Knowledge at Wharton: What are the types of benefits Chinese companies offer their employees (such as health care, life insurance, sick days, maternity leave, free course tuition) and how many companies offer these? What is the likelihood more companies will offer benefits as a way to attract talent?


Liu: Benefits have assumed increasing importance in attracting key employees. Traditional state-owned enterprises in China have always done a great job in this area. Currently, what they need to do is to make the huge expenditure of benefits more effective.


Foreign enterprises with a history in China of less than 20 years have a younger staff structure than state-owned ones. Employees’ enthusiasm for benefits varies according to age. The younger the employee the more cash-hungry [he or she is]. But as employees in foreign enterprises gradually grow into their mid 30s and 40s, their focus shifts to pensions, medical care, insurance and quality of life.


Companies in China use benefits not only for the purpose of attracting and retaining talent, but also as a tax treatment tool. The Chinese government requires all companies in China to pay for three kinds of insurance and a certain amount of housing for their employees — known locally as “four funds”. But now they are far from meeting employees’ demand for benefits. Companies growing fast with high performance find that the offering of “four funds” is not competitive enough in the market. They have considered adding other choices, like supplemental medical care covering families, or a supplemental housing subsidy. Besides those, some companies offer to pay for the education of employees’ children and their own further education. Some go even further, providing a benefit package menu for employees to select from on their own. More and more benefit offerings have been invented.  


The development of benefit offerings in China is very similar to that of other countries. First it is used to attract talent, then to retain it….Companies must be creative in benefit offerings so as to meet demands from employees of different ages.


In China, housing subsidies are very important. Companies must consider supplements in addition to the compulsive “four funds”.


Knowledge at Wharton: On the whole, what advice would you give to companies in China that want to be better employers?


Liu: First of all, I hope their top management team will take talent strategy seriously. China is experiencing a transition from a manufacturing economy to a service economy whose competitive edge is people. Management should understand that employees are the core advantage of a company in a service economy.

Second, the HR function of a company should develop HR management tools, processes and programs based on understanding the company’s consolidated business strategy and thus its people requirements.
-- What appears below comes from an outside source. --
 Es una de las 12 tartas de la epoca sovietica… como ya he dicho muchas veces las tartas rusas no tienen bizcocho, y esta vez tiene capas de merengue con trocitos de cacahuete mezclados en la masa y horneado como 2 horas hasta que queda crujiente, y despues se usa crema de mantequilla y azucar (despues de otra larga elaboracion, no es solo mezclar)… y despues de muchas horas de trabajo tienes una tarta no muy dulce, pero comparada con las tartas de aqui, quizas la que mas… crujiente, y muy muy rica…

Third, an employer ought to make it clear to employees where the company is going by using good communication tools. It must make employees feel they are cared about and it must align their career development with the company’s strategy. Meanwhile, proper mechanisms must be in place to ensure that the right people are in the right position and get the right compensation.
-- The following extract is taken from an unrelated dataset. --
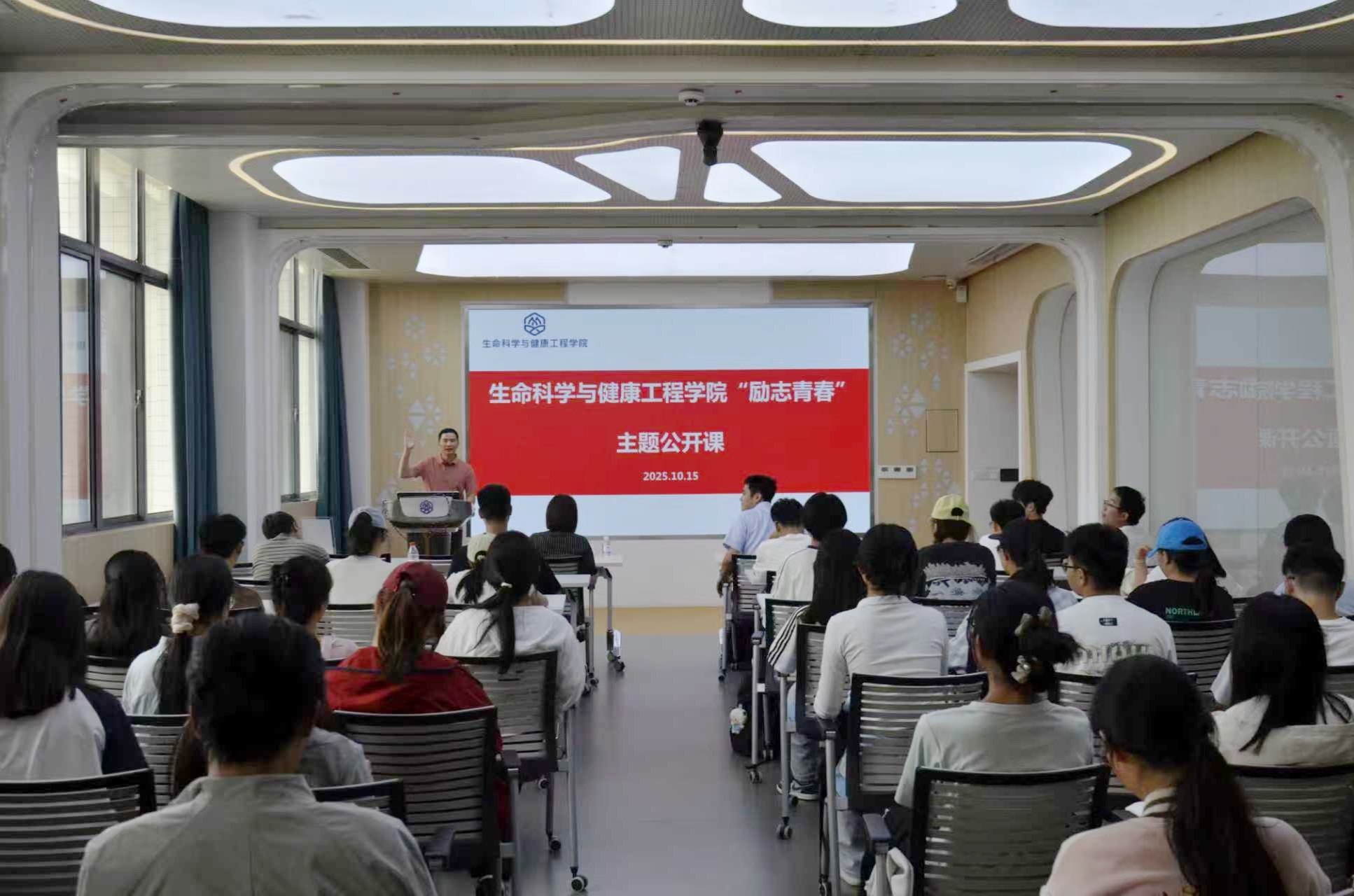 为充分发挥朋辈榜样引领作用,促进大学生综合能力发展,提高创新创业能力。10月15日下午,生命科学与健康工程学院在学院306会议室组织开展了“励志青春”主题公开课,活动邀请无锡清耳话声科技有限公司副总经理朱仁骏进行分享。学院党委副书记兼副院长孙颖、辅导员苗文建及80余名学生参与了此次活动。活动由苗文建主持。

In a nutshell, it takes great attention from the top management team to be the best employer. The HR strategy must be in alignment with the overall strategy of the company and it must be carried out. Our study suggests that a good strategy is very important, yet the execution of that strategy is more important.


Many companies’ problems lie in execution. To be successful, the management team must be stable, persistent and committed to long-term execution. [At the same time], we need to understand that in such a volatile and competition-packed market, many companies have to consider their clients first, which leaves them little time to focus on the employees’ engagement issue.


It’s very difficult to put your employee engagement issue among the top three priorities of your working agenda all the time. But once you stick to it, it will pay off.